------ Recorded information ------
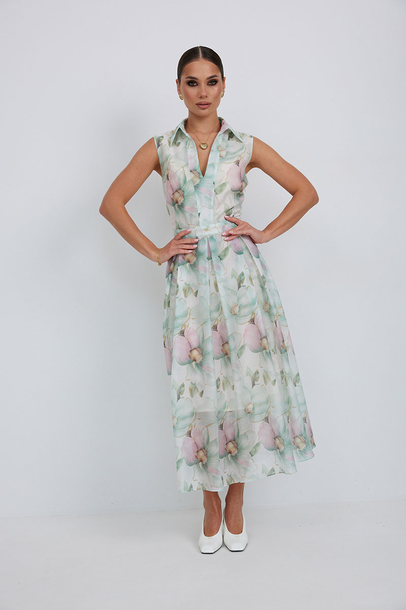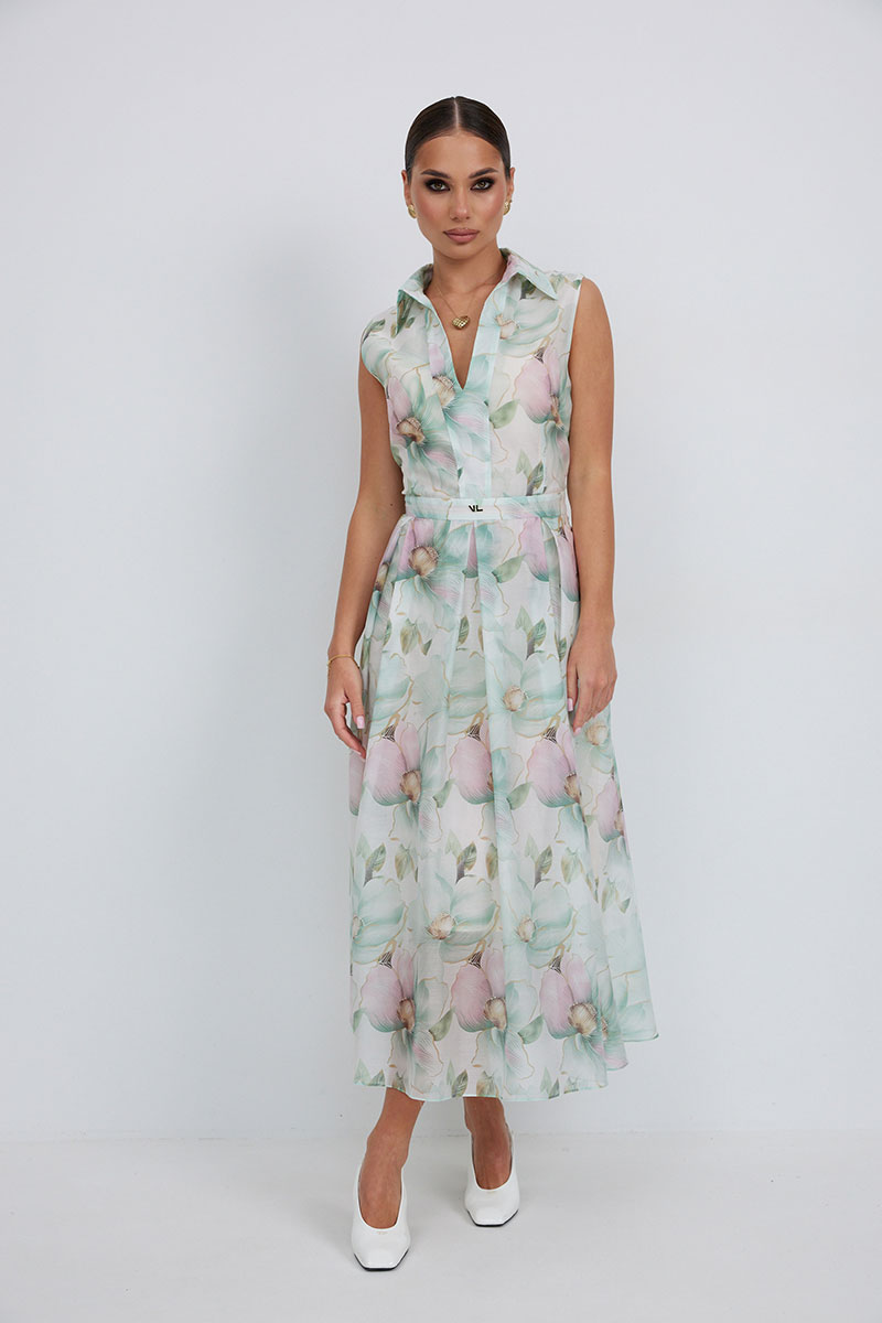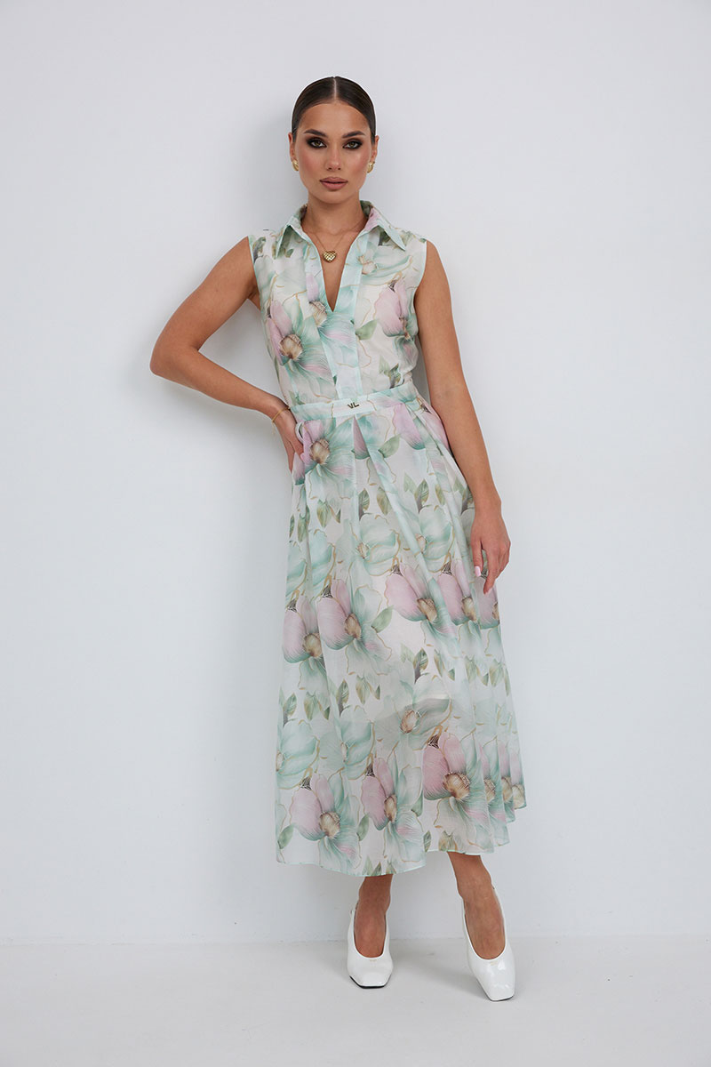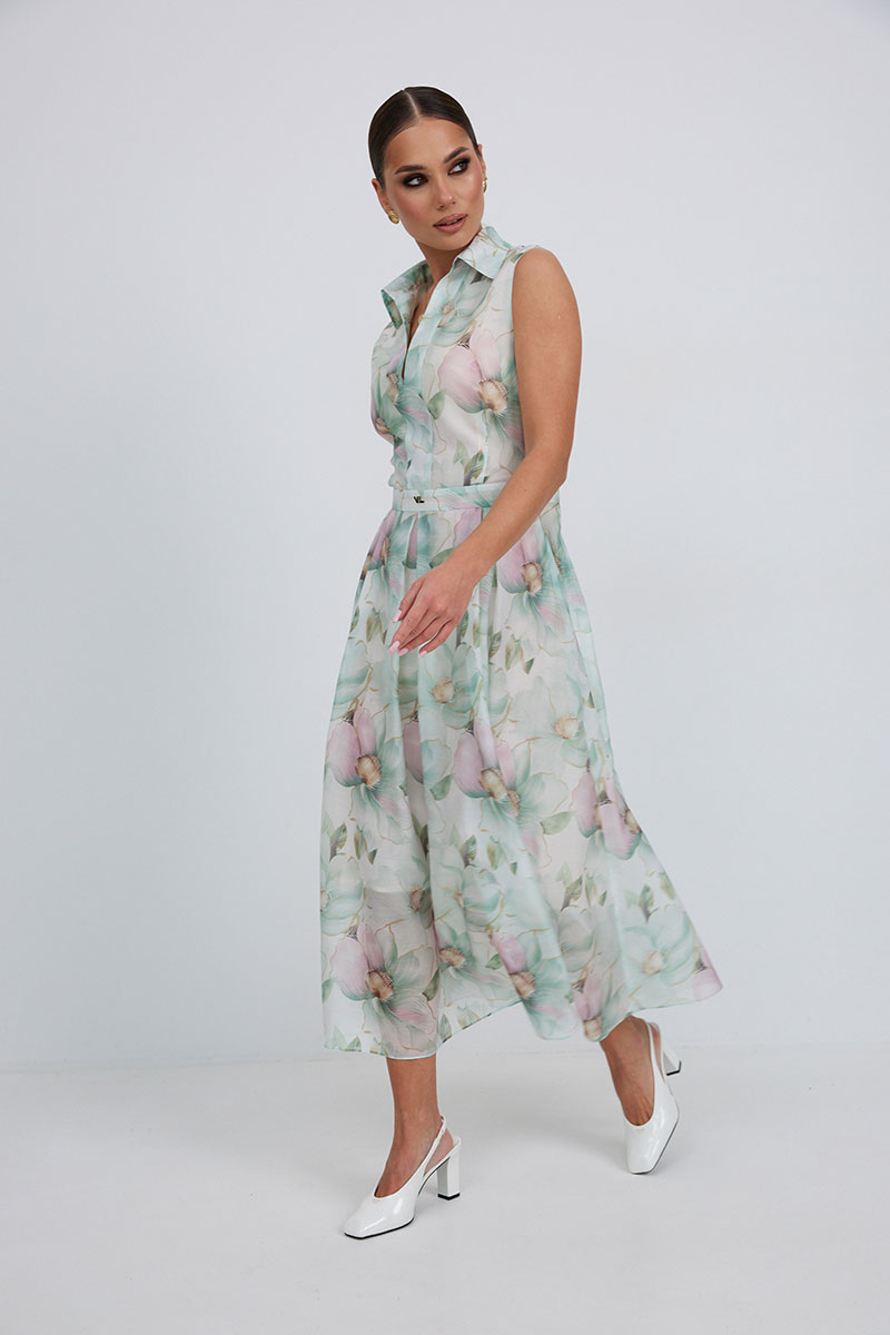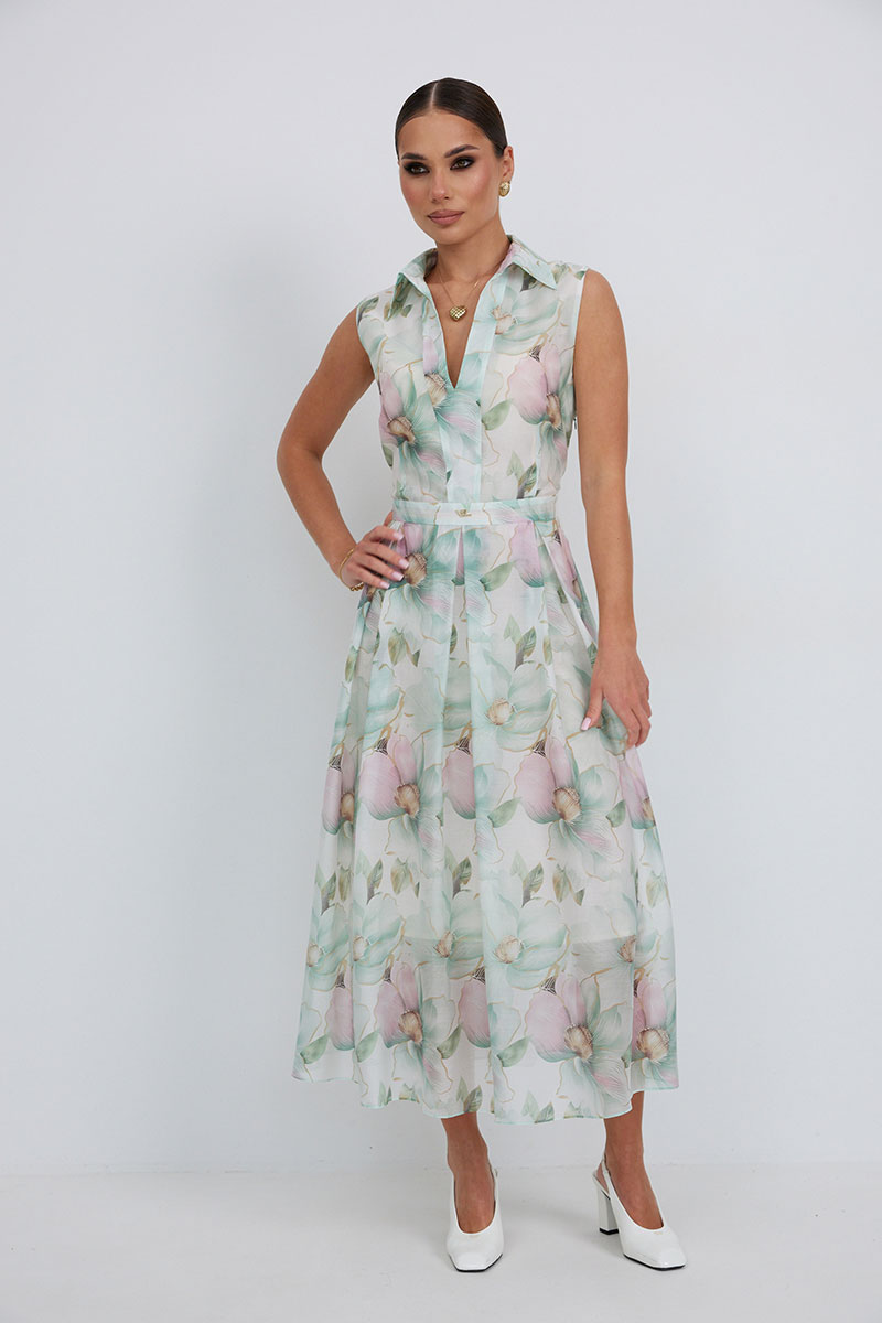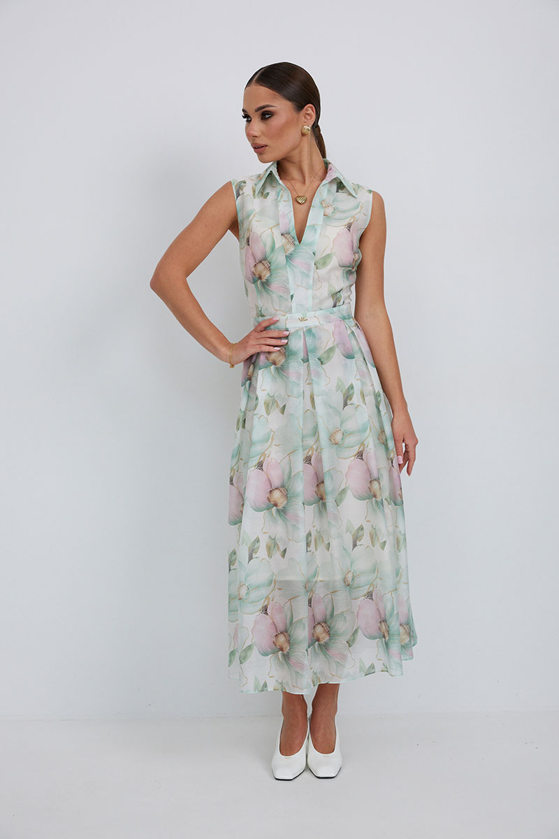 Платье из полупрозрачной ткани с принтом полуприлегающего силуэта длины «миди» расширенное к низу. По талии вставлен пояс, нижняя часть платья со встречными складками. Застежка-молния в боковом шве. По переду планка с вырезом. Воротник на стойке. Платье на подкладке.
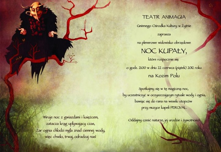 Teatr Animagia Gminnego Ośrodka Kultury w Żytnie zaprasza na plenerowe widowisko obrzędowe "Noc Kupały", które rozpocznie się o godz. 21.00 w dniu 22 czerwca 2012 r. (piątek) na Kozim Polu.
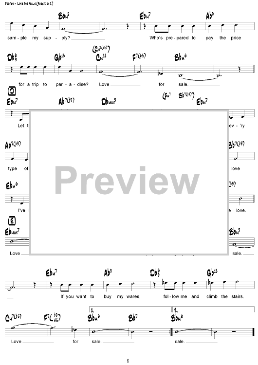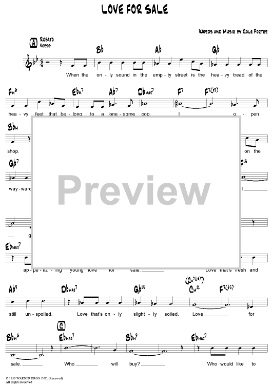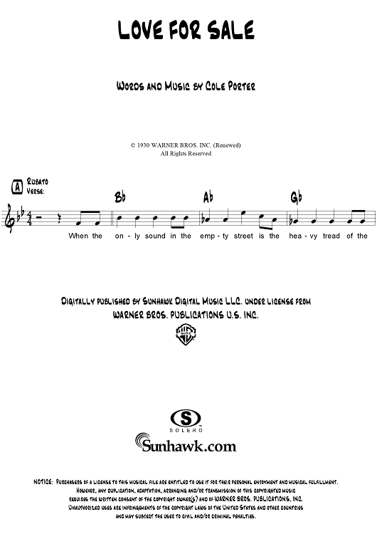 Digital Sheet Music for Love For Sale by Cole Porter scored for Lead Sheet; id:307561
------
What is expected
Only the words belong in your copy: restate the data above exactly and leave the images out.

Answer space
 Платье из полупрозрачной ткани с принтом полуприлегающего силуэта длины «миди» расширенное к низу. По талии вставлен пояс, нижняя часть платья со встречными складками. Застежка-молния в боковом шве. По переду планка с вырезом. Воротник на стойке. Платье на подкладке.
 Teatr Animagia Gminnego Ośrodka Kultury w Żytnie zaprasza na plenerowe widowisko obrzędowe "Noc Kupały", które rozpocznie się o godz. 21.00 w dniu 22 czerwca 2012 r. (piątek) na Kozim Polu.
 Digital Sheet Music for Love For Sale by Cole Porter scored for Lead Sheet; id:307561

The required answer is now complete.